====== Information provided

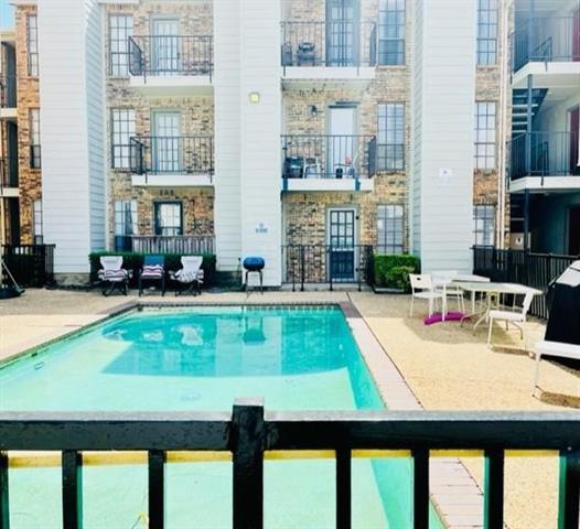 Affordable Poolside Living with Plano ISD Access! This beautiful first floor condo is perfectly situated in desirable North Dallas. This condo offers both comfort and style in a fantastic location. Enjoy the convenience of living in a well-maintained community with access to highly rated Plano ISD. Located adjacent to the community pool, you'll enjoy a private patio with serene views of the pool area. Step inside to discover luxury vinyl flooring throughout and neutral paint that creates a bright and inviting atmosphere. The kitchen features white cabinets and appliances, ideal for both cooking and entertaining. The living room is highlighted by a brick wood-burning fireplace, adding a cozy touch to the space. The large bedroom includes a generous walk-in closet and direct access to the patio, which also provides extra storage. Close proximity to freeways, entertainment, shopping, Central Market, UTD, and restaurants. Parking spot 108.
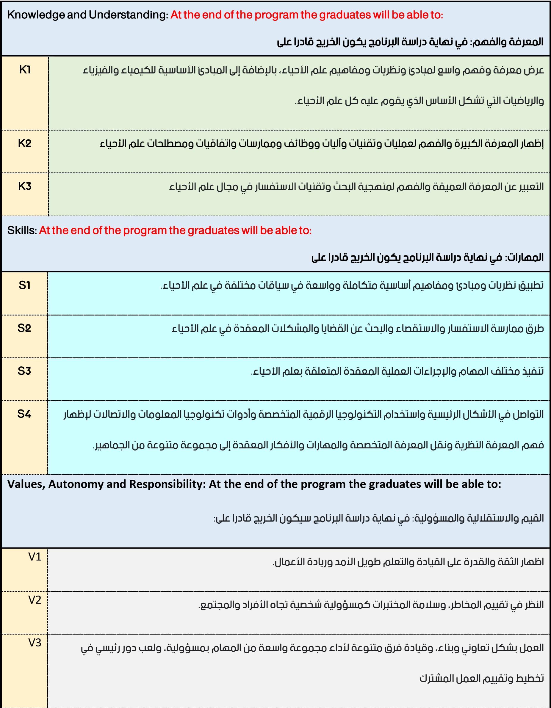 يتم تصنيف مخرجات تعلم برنامج الأحياء إلى مجالات التعلم الثلاثة للإطار الوطني للمؤهلات. يتم التحقق من نتائج التعلم في كل برنامج باستخدام طريقة التقييم المناسبة، ودعم استراتيجيات التدريس التي تتناسب وتتماشى مع أساليب التقييم ونتائج التعلم المقصودة. بعد الانتهاء من برنامج البكالوريوس في علم الأحياء، تتطلب نتائج تعلم البرنامج أن يكون الخريج ملم بمخرجات التعلم التالية.
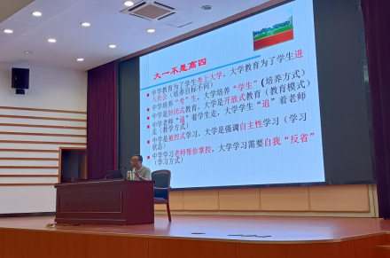 讲座中,步教授首先通过“为什么要上大学?”指出大学对于个体在学习、能力等各方面的巨大影响。其次,步教授总结了大学的普遍困惑:环境适应、角色重整、人际交往、交友恋爱、职业选择等,在大学这个新起点如何适应新的学习环境和生活环境?他列举了几点容易出现的学习能力问题、人际关系问题及职业目标问题,同时也为同学们提供了如下建议:一是学会学习,二是学会与人共处,三是学会适应环境。最后,步教授给同学们提出问题:如何规划大学生活?在如今严峻的就业压力环境下,大学生应当如何规划自己?他从施瓦辛格的人生规划,提醒同学们确立目标的重要性。更要做好心理调适,建议大学生应当处理好自己与他人的关系、与环境的关系以及与自己的关系。

============

About this exercise
Copy all the material exactly; omit images.

Solution to this problem
 Affordable Poolside Living with Plano ISD Access! This beautiful first floor condo is perfectly situated in desirable North Dallas. This condo offers both comfort and style in a fantastic location. Enjoy the convenience of living in a well-maintained community with access to highly rated Plano ISD. Located adjacent to the community pool, you'll enjoy a private patio with serene views of the pool area. Step inside to discover luxury vinyl flooring throughout and neutral paint that creates a bright and inviting atmosphere. The kitchen features white cabinets and appliances, ideal for both cooking and entertaining. The living room is highlighted by a brick wood-burning fireplace, adding a cozy touch to the space. The large bedroom includes a generous walk-in closet and direct access to the patio, which also provides extra storage. Close proximity to freeways, entertainment, shopping, Central Market, UTD, and restaurants. Parking spot 108.
 يتم تصنيف مخرجات تعلم برنامج الأحياء إلى مجالات التعلم الثلاثة للإطار الوطني للمؤهلات. يتم التحقق من نتائج التعلم في كل برنامج باستخدام طريقة التقييم المناسبة، ودعم استراتيجيات التدريس التي تتناسب وتتماشى مع أساليب التقييم ونتائج التعلم المقصودة. بعد الانتهاء من برنامج البكالوريوس في علم الأحياء، تتطلب نتائج تعلم البرنامج أن يكون الخريج ملم بمخرجات التعلم التالية.
 讲座中,步教授首先通过“为什么要上大学?”指出大学对于个体在学习、能力等各方面的巨大影响。其次,步教授总结了大学的普遍困惑:环境适应、角色重整、人际交往、交友恋爱、职业选择等,在大学这个新起点如何适应新的学习环境和生活环境?他列举了几点容易出现的学习能力问题、人际关系问题及职业目标问题,同时也为同学们提供了如下建议:一是学会学习,二是学会与人共处,三是学会适应环境。最后,步教授给同学们提出问题:如何规划大学生活?在如今严峻的就业压力环境下,大学生应当如何规划自己?他从施瓦辛格的人生规划,提醒同学们确立目标的重要性。更要做好心理调适,建议大学生应当处理好自己与他人的关系、与环境的关系以及与自己的关系。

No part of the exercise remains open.